Grilling is as old as fire. But things have evolved since Fred and Wilma Flintstone grilled their mammoth burgers and breast of pterodactyl at get-togethers.
It's not just the food that's changed. Have you shopped for a grill lately? Some of them look like something out of Central Command, capable of launching a space shuttle. Many are the size of a Buick, and more expensive. No kidding. A perusal of the Web brought to light, among others, the Solaire 56" InfraVection Refrigerated Cart Grill. It can be yours for a toasty $l4,500. Still hungry from more? Check the Talos Outdoor Cooking Suite sold by Frontgate.
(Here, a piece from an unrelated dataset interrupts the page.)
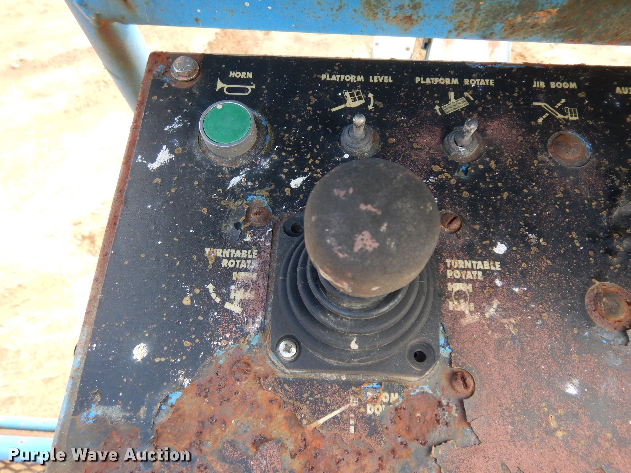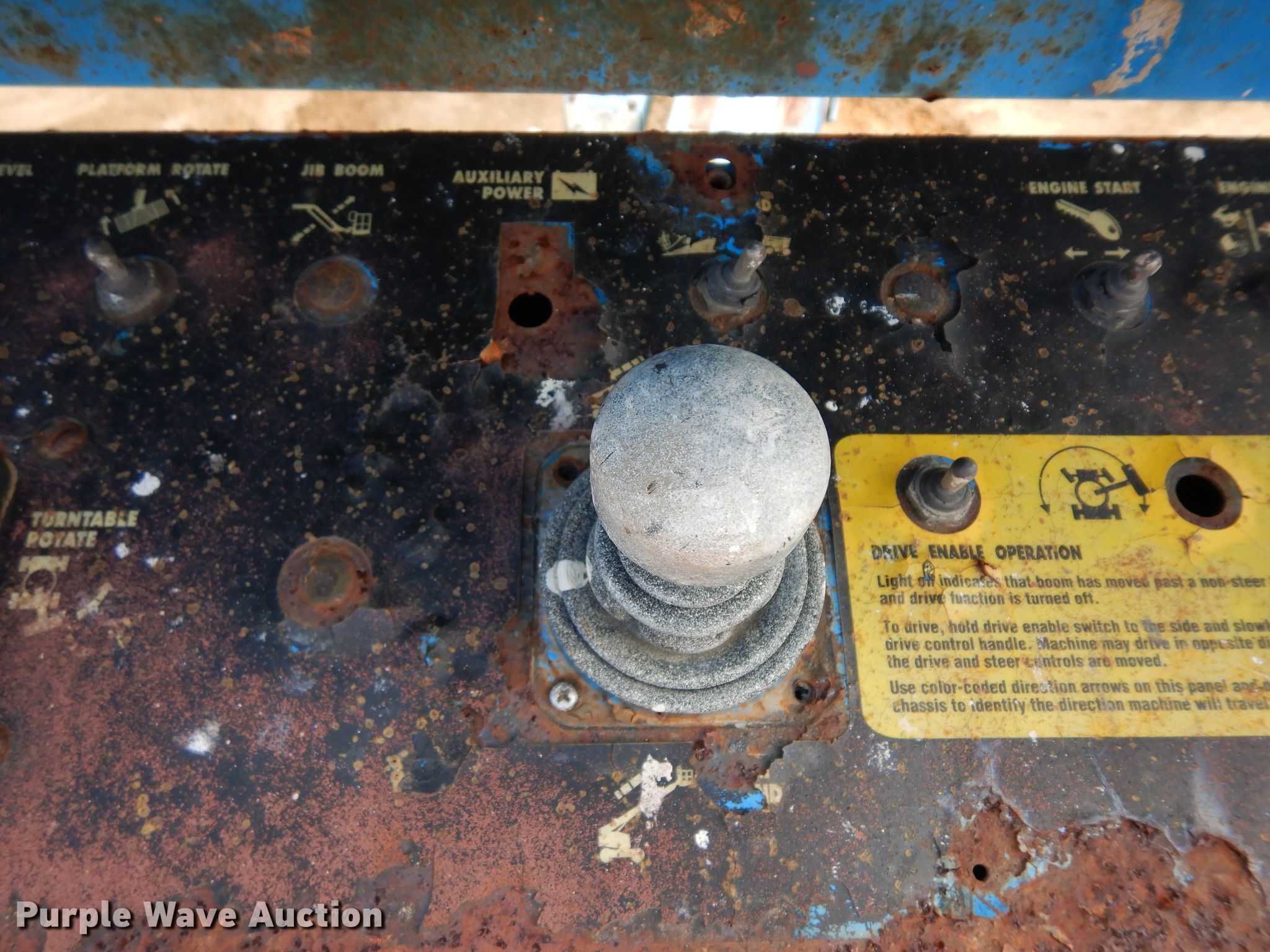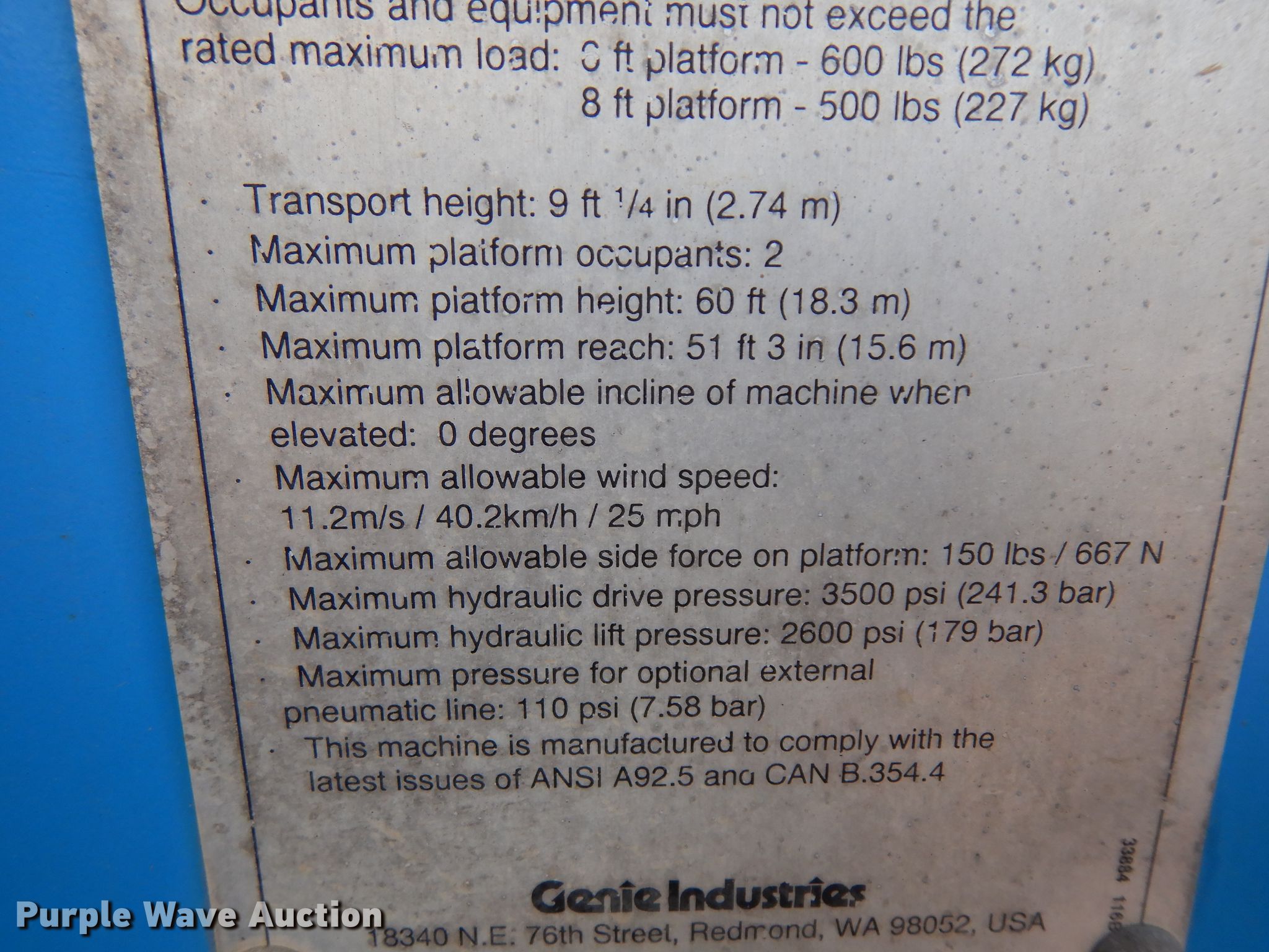 1998 Genie S60 boom lift. 5,814 hours on meter, Serial: 2855. Engine Cylinders: 4, Fuel type: Gas. Chassis Four wheel drive. Operational Rough terrain, Maximum lift capacity: 600 lbs, Maximum reach length: 51' 3", Maximum lift height: 60', Hydraulic leveling, Platform: 96" L x 36" W, AC power outlet, Controls: Platform, Ground, Platform rotation: Manual. Tires Tire size: 15-19.5. Notes Non-operational unit. Crawford Equipment, Inc.. Mayfield, KY 42066

At $35,000, this bad boy will burn your bank account quicker than your burgers.
Fortunately it's not the grill that makes the cook. Some of the most memorable foods I've experienced have come from the most humble ad hoc devices. In Jamaica, jerk pork and succulent goat was grilled on a device made of old corrugated steel and a piece of chain-link fencing.
At a sunset dinner on a beach in the West Indies, local fishermen wrapped their catch in banana leaves with herbs, slices of lemon, and blistering Scotch bonnet peppers, then buried them under several inches of sand and built the fire of coconut husks on top. I don't recall what kind of fish we had that night, but never have I had a more succulent offering from the sea.
I thought manning the barbecue was pretty much an American institution until I spent some time in South Africa years ago. There, in a park near Cape Town, I encountered my first braai, the South African take on barbecue. The centerpiece was boerewors, spicy pork sausage about five feet long curled up like a watch spring, and the finale was an enormous fried ostrich egg.
Fred Flintstone would have loved it!